◆ **Requirement**: Would you reproduce, word for word, only the lines running from the top of the data through the line containing "Metric Filter: A", and none of the pictures?

◆ **Material provided**:
——
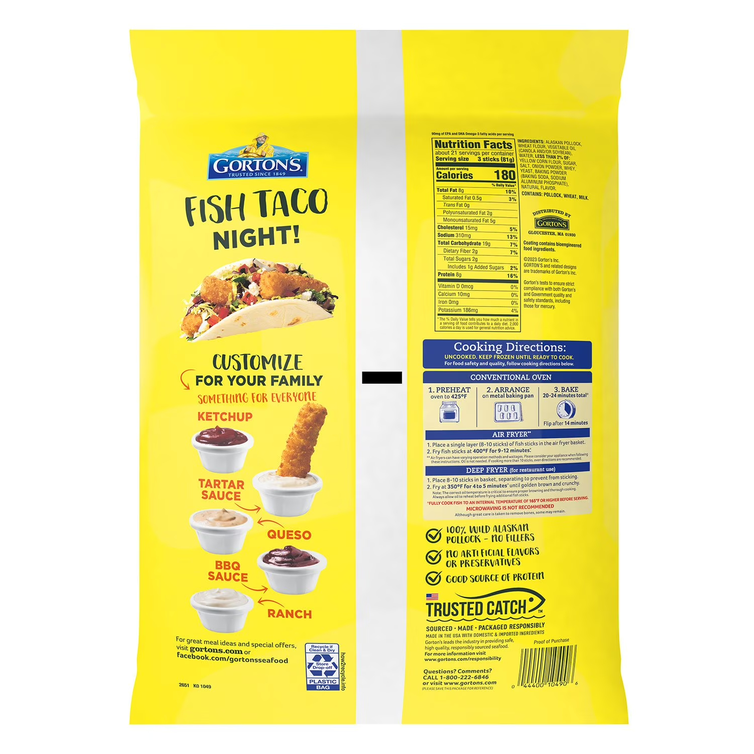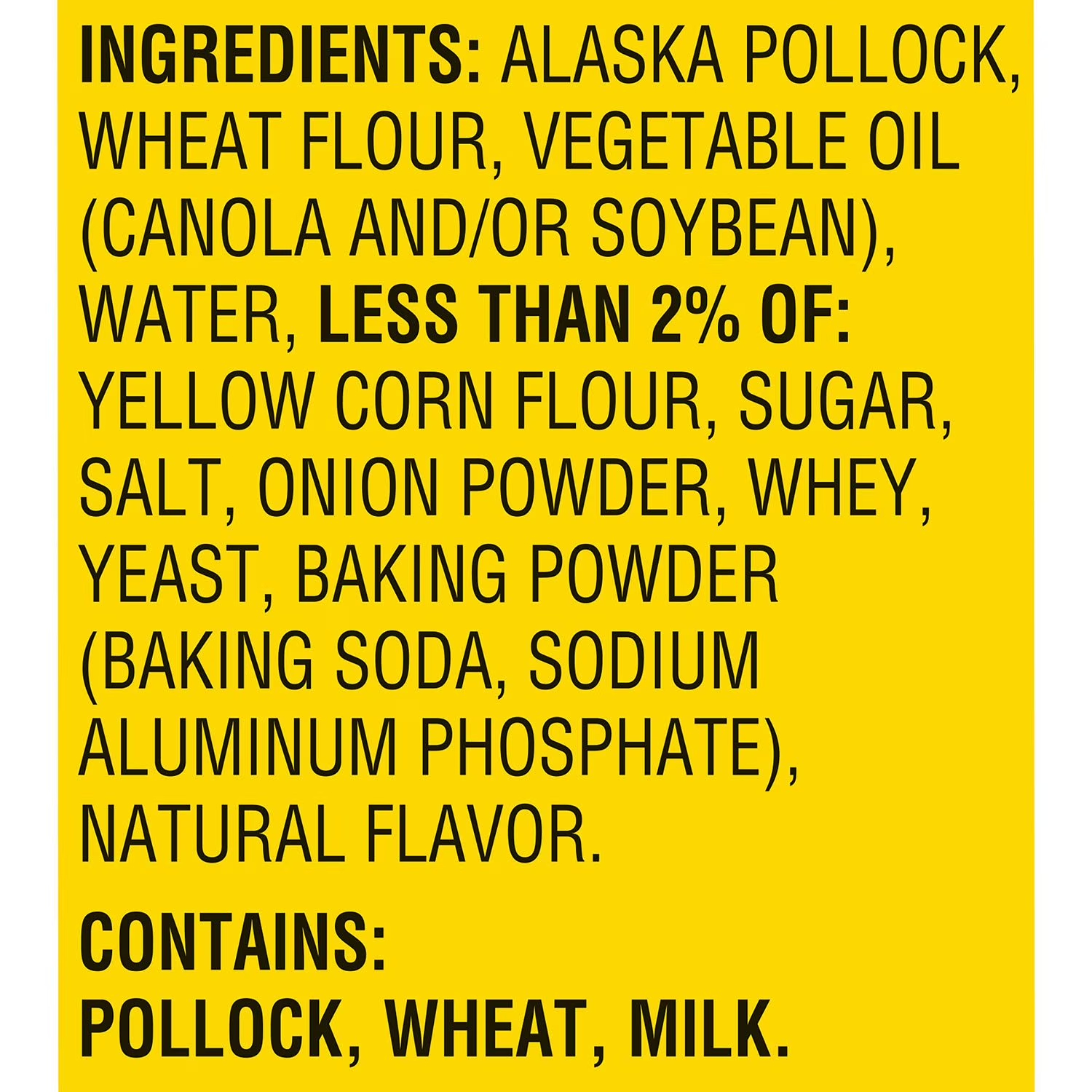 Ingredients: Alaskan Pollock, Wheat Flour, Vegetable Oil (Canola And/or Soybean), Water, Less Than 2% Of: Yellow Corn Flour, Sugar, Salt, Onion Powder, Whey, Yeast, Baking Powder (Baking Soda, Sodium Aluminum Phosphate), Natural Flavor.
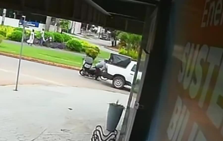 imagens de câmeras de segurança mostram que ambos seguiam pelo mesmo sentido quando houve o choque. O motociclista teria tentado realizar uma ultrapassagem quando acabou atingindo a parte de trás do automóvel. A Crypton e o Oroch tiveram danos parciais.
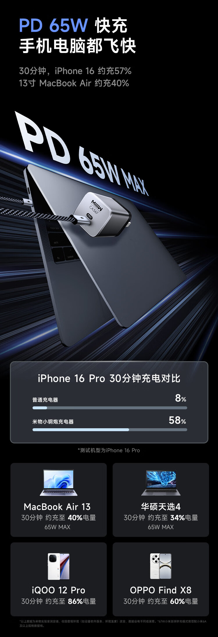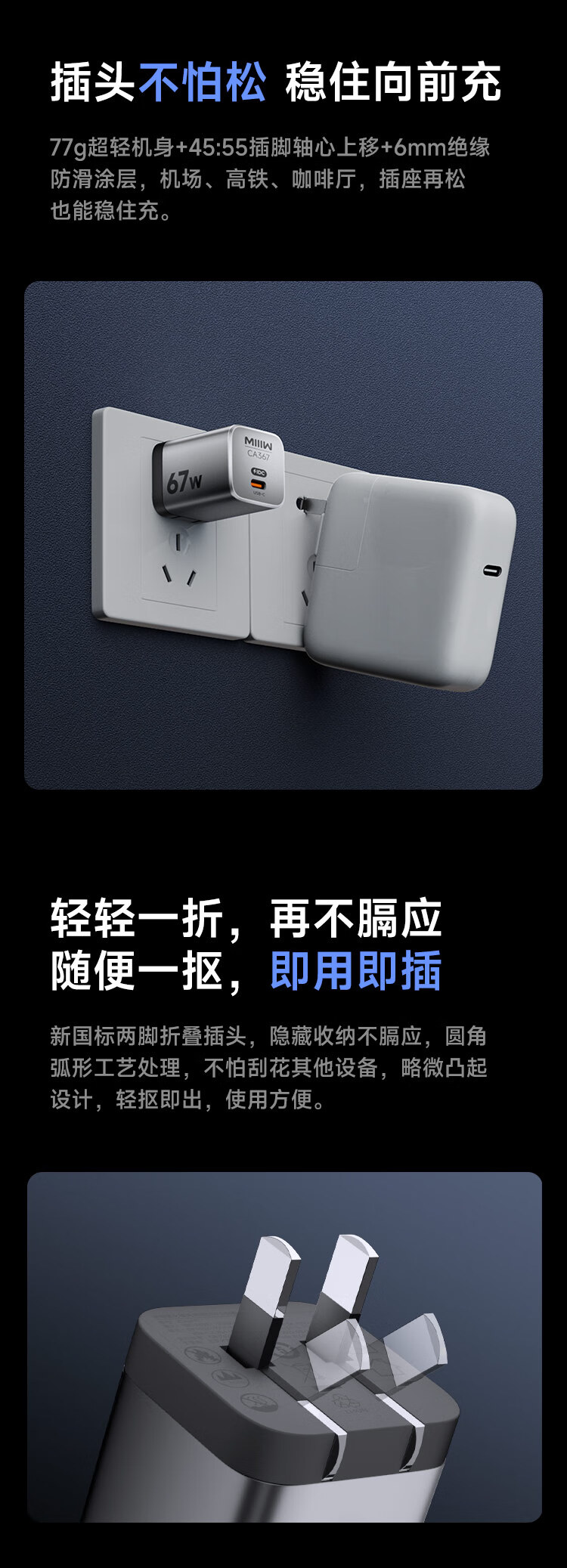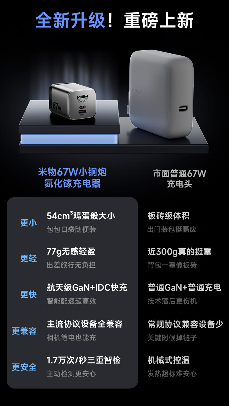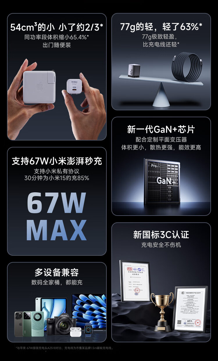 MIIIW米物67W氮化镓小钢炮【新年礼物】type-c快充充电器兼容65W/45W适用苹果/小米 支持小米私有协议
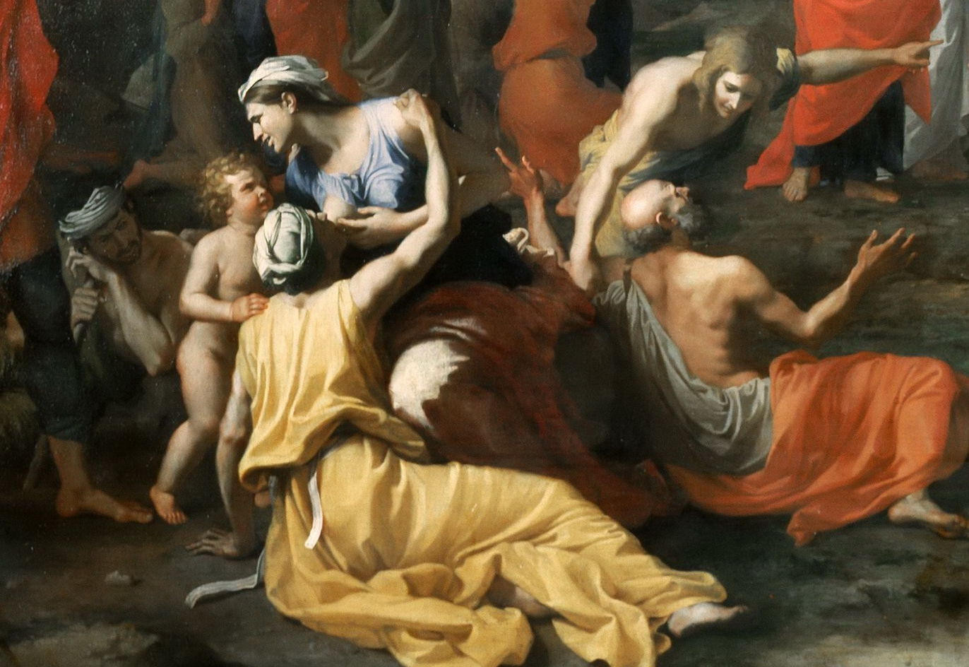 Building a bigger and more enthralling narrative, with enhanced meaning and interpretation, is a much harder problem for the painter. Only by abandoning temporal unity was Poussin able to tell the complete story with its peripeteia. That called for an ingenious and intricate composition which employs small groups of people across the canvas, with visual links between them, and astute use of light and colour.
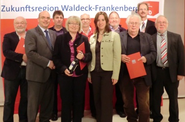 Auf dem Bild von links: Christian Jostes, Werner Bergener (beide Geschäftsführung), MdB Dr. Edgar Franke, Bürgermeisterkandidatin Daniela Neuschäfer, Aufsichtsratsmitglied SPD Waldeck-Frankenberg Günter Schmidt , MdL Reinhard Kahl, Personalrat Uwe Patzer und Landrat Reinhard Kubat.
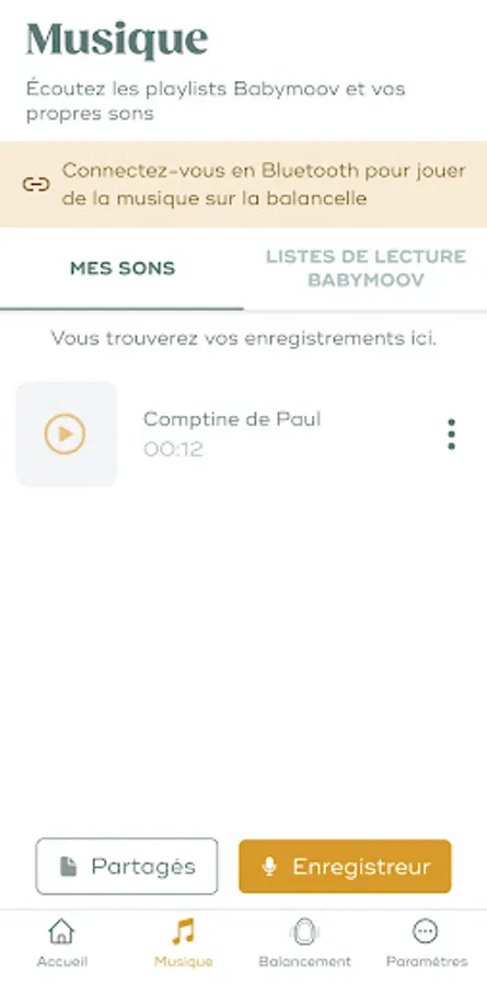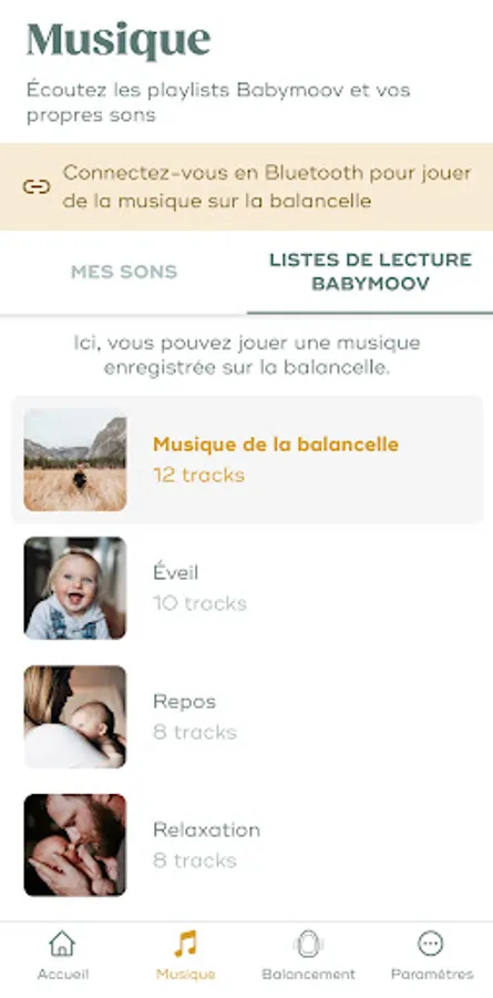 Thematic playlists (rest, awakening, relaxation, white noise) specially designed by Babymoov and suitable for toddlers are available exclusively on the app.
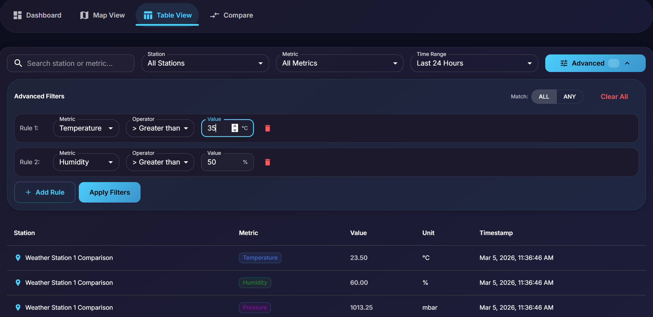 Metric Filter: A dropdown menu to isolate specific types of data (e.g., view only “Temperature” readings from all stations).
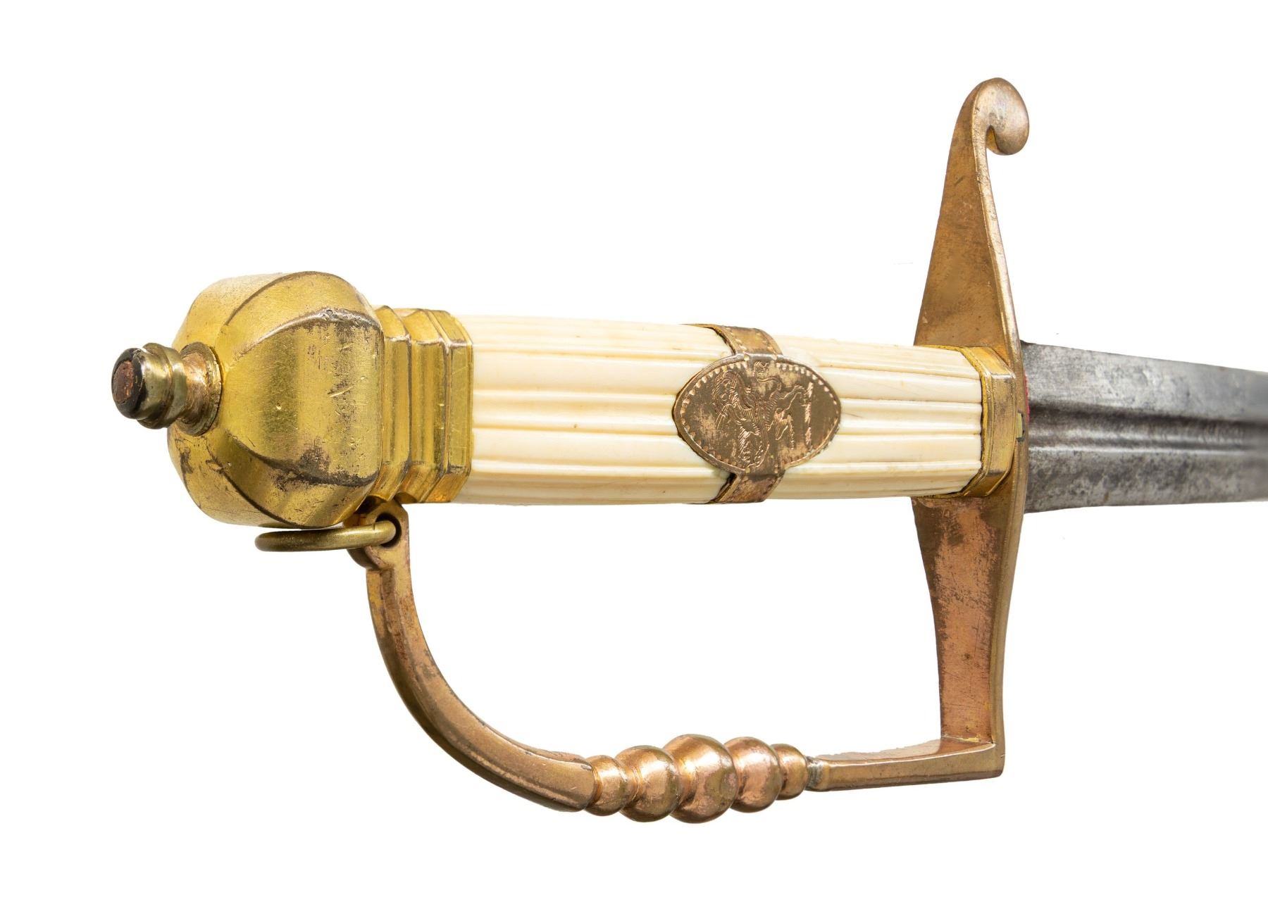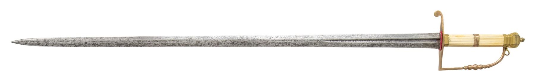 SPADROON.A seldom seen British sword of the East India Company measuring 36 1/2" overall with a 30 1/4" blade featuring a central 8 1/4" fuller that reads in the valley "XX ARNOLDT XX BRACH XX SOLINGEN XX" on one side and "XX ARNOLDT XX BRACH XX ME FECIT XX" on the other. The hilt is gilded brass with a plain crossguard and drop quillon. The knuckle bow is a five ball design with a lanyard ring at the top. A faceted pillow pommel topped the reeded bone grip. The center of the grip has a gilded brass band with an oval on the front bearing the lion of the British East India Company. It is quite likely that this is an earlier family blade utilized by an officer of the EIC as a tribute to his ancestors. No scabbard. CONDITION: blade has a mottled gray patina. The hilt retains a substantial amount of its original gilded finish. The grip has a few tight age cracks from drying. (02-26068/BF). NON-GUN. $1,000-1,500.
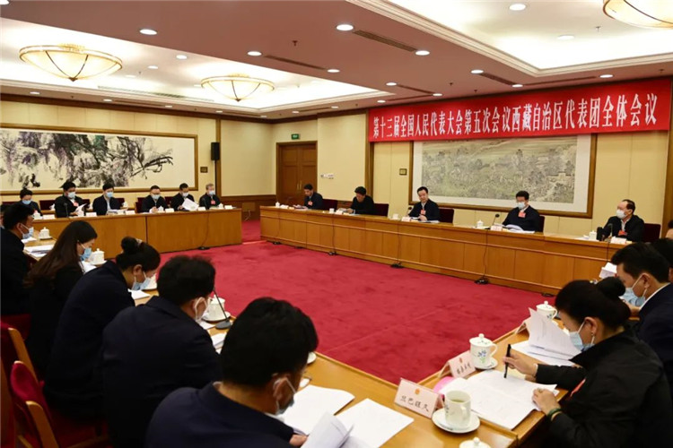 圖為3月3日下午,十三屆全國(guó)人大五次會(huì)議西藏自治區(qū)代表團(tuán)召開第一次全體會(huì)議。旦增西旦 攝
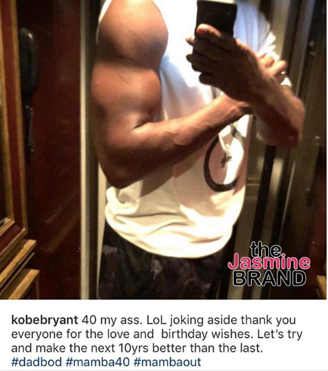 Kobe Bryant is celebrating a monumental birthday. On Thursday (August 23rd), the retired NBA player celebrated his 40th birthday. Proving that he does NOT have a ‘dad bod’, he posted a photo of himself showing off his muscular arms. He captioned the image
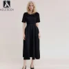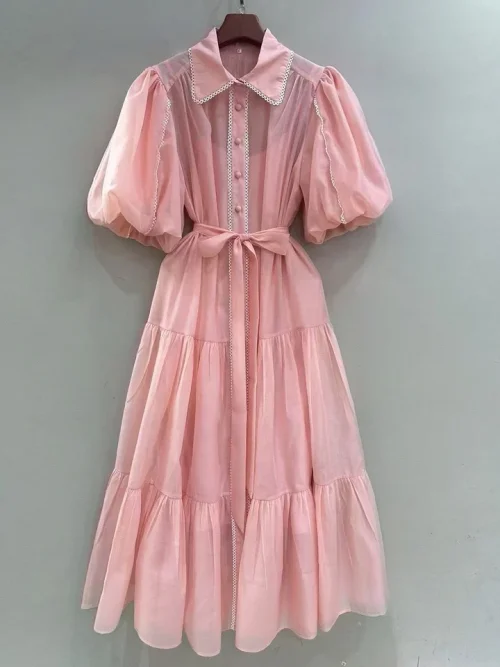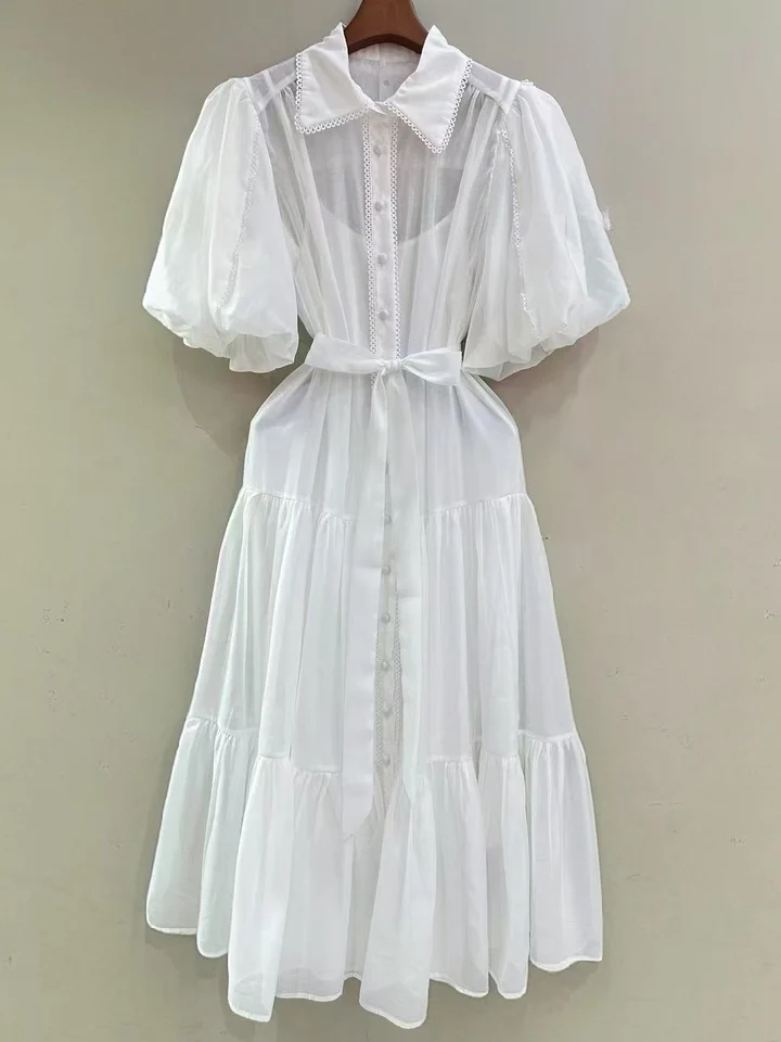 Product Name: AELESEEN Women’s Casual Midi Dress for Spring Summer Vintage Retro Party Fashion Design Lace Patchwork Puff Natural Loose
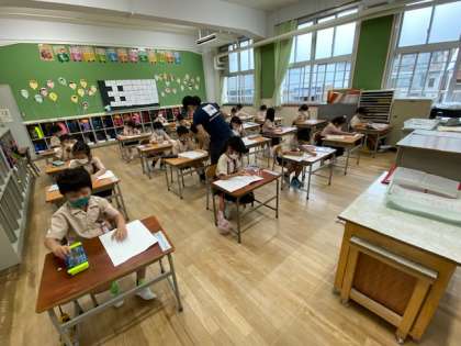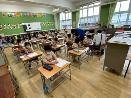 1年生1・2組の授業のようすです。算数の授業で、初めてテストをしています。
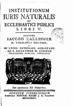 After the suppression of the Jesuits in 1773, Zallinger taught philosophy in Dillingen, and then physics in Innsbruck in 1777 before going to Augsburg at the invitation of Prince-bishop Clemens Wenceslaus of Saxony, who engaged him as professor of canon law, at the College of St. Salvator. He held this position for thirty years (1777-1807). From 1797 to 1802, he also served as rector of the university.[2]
——
◆ **Output for this task**:
 Ingredients: Alaskan Pollock, Wheat Flour, Vegetable Oil (Canola And/or Soybean), Water, Less Than 2% Of: Yellow Corn Flour, Sugar, Salt, Onion Powder, Whey, Yeast, Baking Powder (Baking Soda, Sodium Aluminum Phosphate), Natural Flavor.
 imagens de câmeras de segurança mostram que ambos seguiam pelo mesmo sentido quando houve o choque. O motociclista teria tentado realizar uma ultrapassagem quando acabou atingindo a parte de trás do automóvel. A Crypton e o Oroch tiveram danos parciais.
 MIIIW米物67W氮化镓小钢炮【新年礼物】type-c快充充电器兼容65W/45W适用苹果/小米 支持小米私有协议
 Building a bigger and more enthralling narrative, with enhanced meaning and interpretation, is a much harder problem for the painter. Only by abandoning temporal unity was Poussin able to tell the complete story with its peripeteia. That called for an ingenious and intricate composition which employs small groups of people across the canvas, with visual links between them, and astute use of light and colour.
 Auf dem Bild von links: Christian Jostes, Werner Bergener (beide Geschäftsführung), MdB Dr. Edgar Franke, Bürgermeisterkandidatin Daniela Neuschäfer, Aufsichtsratsmitglied SPD Waldeck-Frankenberg Günter Schmidt , MdL Reinhard Kahl, Personalrat Uwe Patzer und Landrat Reinhard Kubat.
 Thematic playlists (rest, awakening, relaxation, white noise) specially designed by Babymoov and suitable for toddlers are available exclusively on the app.
 Metric Filter: A dropdown menu to isolate specific types of data (e.g., view only “Temperature” readings from all stations).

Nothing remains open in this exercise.